Quel conseil donneriez-vous à une personne souhaitant entreprendre dans le BTP ?
L’entrepreneuriat est une aventure passionnante, mais également exigeante. Créer ou reprendre une entreprise implique aujourd’hui de relever de nombreux défis : gestion administrative, obligations réglementaires, charges financières, recrutement ou encore pilotage économique. Il est indispensable d’avoir une vision claire de ces responsabilités avant de se lancer.

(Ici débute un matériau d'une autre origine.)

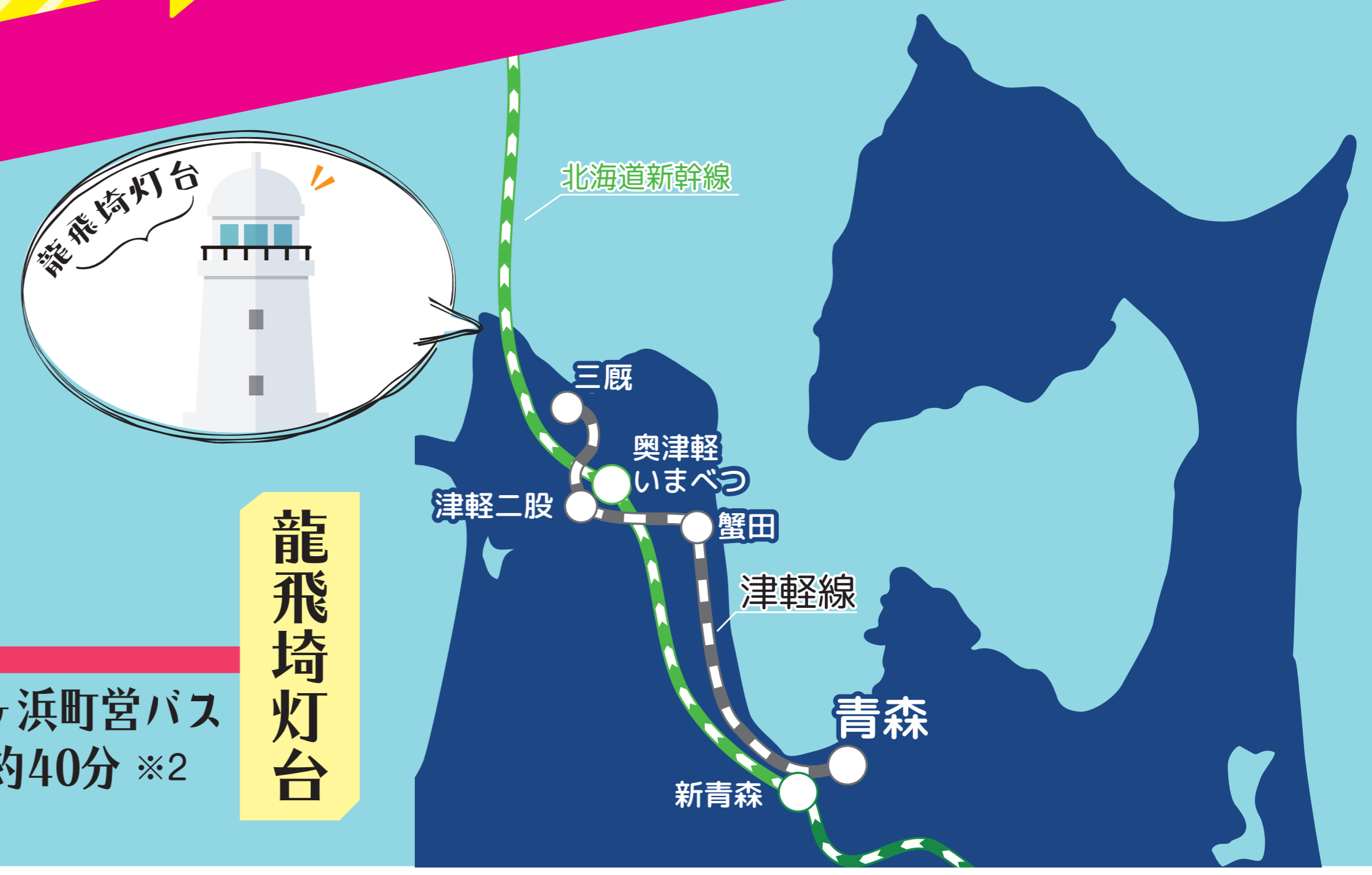
※写真・イラストはすべてイメージです。
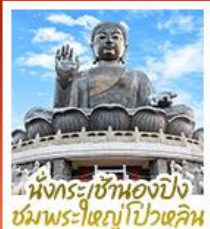
นั่งกระเช้ามองปิง ชมพระใหญ่ไป่หวลัน

นั่งกระเช้ามองปิงสีกการะพระใหญ่ไป่หวลัน • วัดหวังต้าเซียน ขอพรสุขภาพ ความรัก วัดเขกงหนิว ขอพรองค์เขกง โชคลาภ การเงินและธุรกิจ • เจ้าแม่กวนอิมรพีลาลัย รับพลังงานดี เสริมพลังฮวงจุ้ย • วัดหมิ่นโหมว ขอพรเรื่องการศึกษ การงาน สติปัญญาและความกล้าหาญ
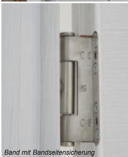
Band mit Bandseitensicherung
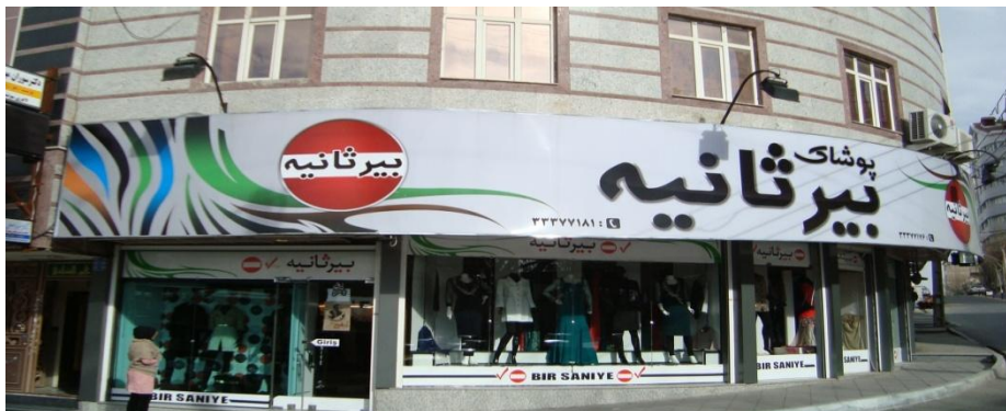
تصویر ۷) نمونه فارسی-ترکی در منطقه الف

از مجموع داده‌های پژوهش (۲۰۴۴ داده) صرفاً ۹ داده در قالب الگوی دوزبانه فارسی-ترکی شناسایی شدند. تصویر زیر نمونه‌ای از این الگو را به نمایش می‌گذارد. در تصویر (۷) بخشی از نام فروشگاه (پوشاک و ثانیه) فارسی است، و واژه ترکی «بیر» به آن افزوده شده است.
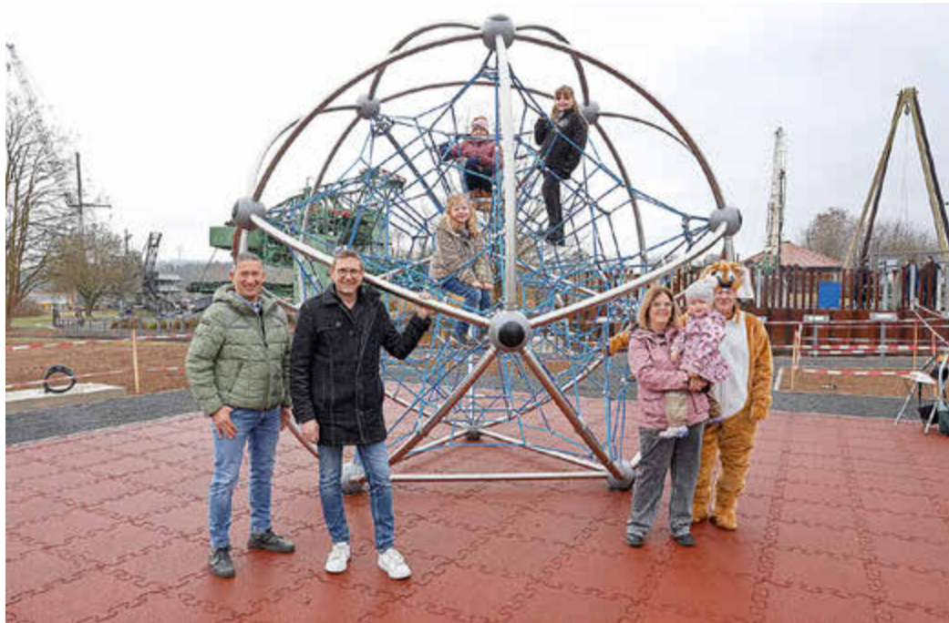
Neue Kletterkugel im Themenpark des Bergbaumuseums

Die Kletter-Weltkugel ist Kernstück des neuen museumspädagogischen Bausteins. Das Leitexponat, eine Strom-Mast-Spitze, wird demnächst im Museum aufgestellt. Ergänzt wird das Projekt Kletterkugel in den nächsten Wochen durch Vitrinen und Infotafeln mit Audioausgabe, auf denen Kinder aus der ganzen Welt erklären, wie sich Klimawandel in ihren Ländern auswirkt. Es dient der Veranschaulichung langfristiger Folgen von Erderwärmung und Klimawandel

Le secteur du BTP offre de belles opportunités, mais il nécessite une grande capacité d’adaptation, de la persévérance et une solide préparation.
Et pour devenir directeur d’exploitation ?
Le poste de directeur d’exploitation est avant tout un métier de management et de responsabilité humaine. Les compétences techniques sont essentielles, mais elles ne suffisent pas. Il faut savoir fédérer les équipes, instaurer un climat de confiance, accompagner les collaborateurs dans leur évolution et maintenir une communication permanente avec l’ensemble des acteurs de l’entreprise.
À mes yeux, la réussite dans cette fonction repose avant tout sur les qualités humaines. Être à l’écoute, comprendre les difficultés rencontrées sur le terrain, accompagner le changement et valoriser les compétences de chacun sont des éléments fondamentaux. Le management fondé uniquement sur l’autorité n’est plus adapté aux attentes des collaborateurs. Construire une équipe performante passe avant tout par le respect, la confiance et l’engagement collectif.
Notre réussite est avant tout celle de nos équipes.
Un mot pour les équipes
Quel message souhaiteriez-vous adresser à vos collaborateurs ?
Je tiens avant tout à remercier l’ensemble de nos équipes. La réussite de JFE Concept est le fruit d’un travail collectif. Aucun dirigeant, aucun responsable d’exploitation ne peut réussir seul. Derrière chaque projet livré, chaque chantier réalisé et chaque objectif atteint, il y a l’engagement quotidien des femmes et des hommes qui composent l’entreprise. Notre force réside dans cette complémentarité et dans la qualité des relations humaines que nous entretenons au quotidien. J’ai la chance de pouvoir m’appuyer sur des collaborateurs compétents, investis et profondément attachés à leur métier. Je suis convaincu qu’une entreprise performante est aussi une entreprise dans laquelle les salariés prennent plaisir à travailler. L’ambiance, la confiance et le respect mutuel sont des leviers aussi importants que la performance économique.
Je leur suis sincèrement reconnaissant pour leur professionnalisme, leur implication et leur énergie. Si nous avons pu construire cette réussite collective, c’est avant tout grâce à eux.